Pourquoi était-il arrivé si tôt ? Pour perdre son temps en jérémiades ! Comme s’il allait mourir, comme si c’était lui qui allait mourir ! Repasser en vue sa courte vie. Il n’avait pas eu le temps de vivre. Ah ! Ça, il ne le dirait pas. Et, ce n’est pas ce genre de sentence qui l’arrêterait. La vie n’avait pas eu le temps de le compromettre, il était trop jeune, trop impuissant pour avoir pu semer vraiment le mal. On ne trouverait pas chez lui la « largeur » d’esprit, la tolérance morale propre aux âmes viciées, ceux qui surnagent dans le cloaque. Joubert tenait sa réponse toute prête, sa sentence à lui, qui n’était pas de lui mais d’Adorno : « Celui qui n’est pas méchant, il ne vit pas dans la sérénité, mais dans une sorte particulière d’amertume et d’intransigeance pleines de pudeur ». Oui, avec lui-même, avec quiconque, même avec ses propres parents, pas de fausse compassion. « Glorifier les merveilleux « pauvres diables », cela revient à glorifier le merveilleux système qui fait d’eux ce qu’ils sont. »

Subir ! Passer sa vie à subir ! Être tombé là et se dire, on y est, on y reste. Pas un seul geste pour vous tirer de là, de nulle part, pas un geste. Des générations ! Depuis toujours ! De temps en temps, l’un croit s’échapper du clan des damnés et conjurer la malédiction. Il veut rompre l’atavisme, fuir la prison. Mais, pour aller où ?

Subir. C’était la loi. Ce n’était pas vivre.
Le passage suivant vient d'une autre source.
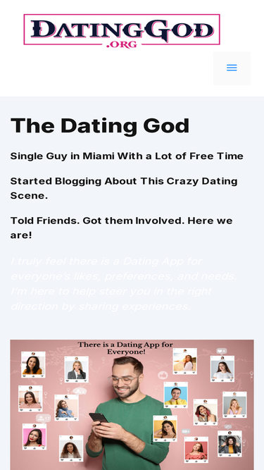 86%The Dating God was born from a single man's journey through the crazy Miami dating scene. Read his experiences, and others, on Dating God.

Si ! C’était leur vie ! Ce genre de vie dans laquelle vous découvriez la calamité d’une vie condamnée au travail, travailler pour survivre, être moins qu’une bête, juste de quoi se reproduire, verser du sang neuf à l’organe vivant de la calamité, et recomposer sa force de travail. Se contenter – on n’a pas le choix – de menus plaisirs frelatés, clés en mains. Le plus important quand on a les fers aux chevilles, c’est de ne pas se prendre pour un oiseau.

La plus belle réussite dans la famille, en ratissant large, c’était une petite cousine de Joubert devenue institutrice. Quel sens pouvait avoir le mot « réussir » pour Joubert ? Réussir c’était trouver une marge où il pourrait espérer s’épanouir. Les marges étaient étroites. On avait vite fait d’être recouvert par la marée du système ou de plonger dans le vide. Joubert vivait dans le monde d’avant quand la terre était plate, sur cette mince bande de sable que l’océan venait lécher, au bord du précipice dans lequel une vague un peu plus forte le pousserait.

Joubert était arrivé si tôt ce matin parce qu’il espérait peut-être un signe de la providence, une rencontre fortuite qui le sauverait. Une soudaine rémission du cancer de son âme rongée. Il existait quelque part un être qui l’éclairerait. Une vraie autorité qu’il pourrait reconnaître comme telle ; enfin écouter un de ses contemporains, quelqu’un qui parvienne à le démettre de la fatalité de sa naissance.

Il avait pris volontairement la mauvaise sortie de la gare, la sortie opposée à l’endroit où il devait se rendre. Depuis longtemps, il avait envie d’aller s’asseoir sur l’un de ces bancs posés sur la pelouse qui faisait face au lac. Pourquoi ne pas se jeter à l’eau comme on accepte l’ordalie ? L’hydrocution ou bien une claque au corps et à l’âme. La mort ou bien le baptême. Ou rien. Trempé, idiot, grelottant, couvert de vase. Ridicule. Il avait besoin de savoir Joubert, savoir s’il se baignait dans l’océan glauque, s’il marchait sur le sable brûlant ou s’il était en train de tomber au fond d’un gouffre noir et glacial. Où était-il ? Il était si tôt dans sa vie. Il ne pouvait pas être bien loin, il ne pouvait pas être si loin de tout et de tous, comme il avait le tort de le penser.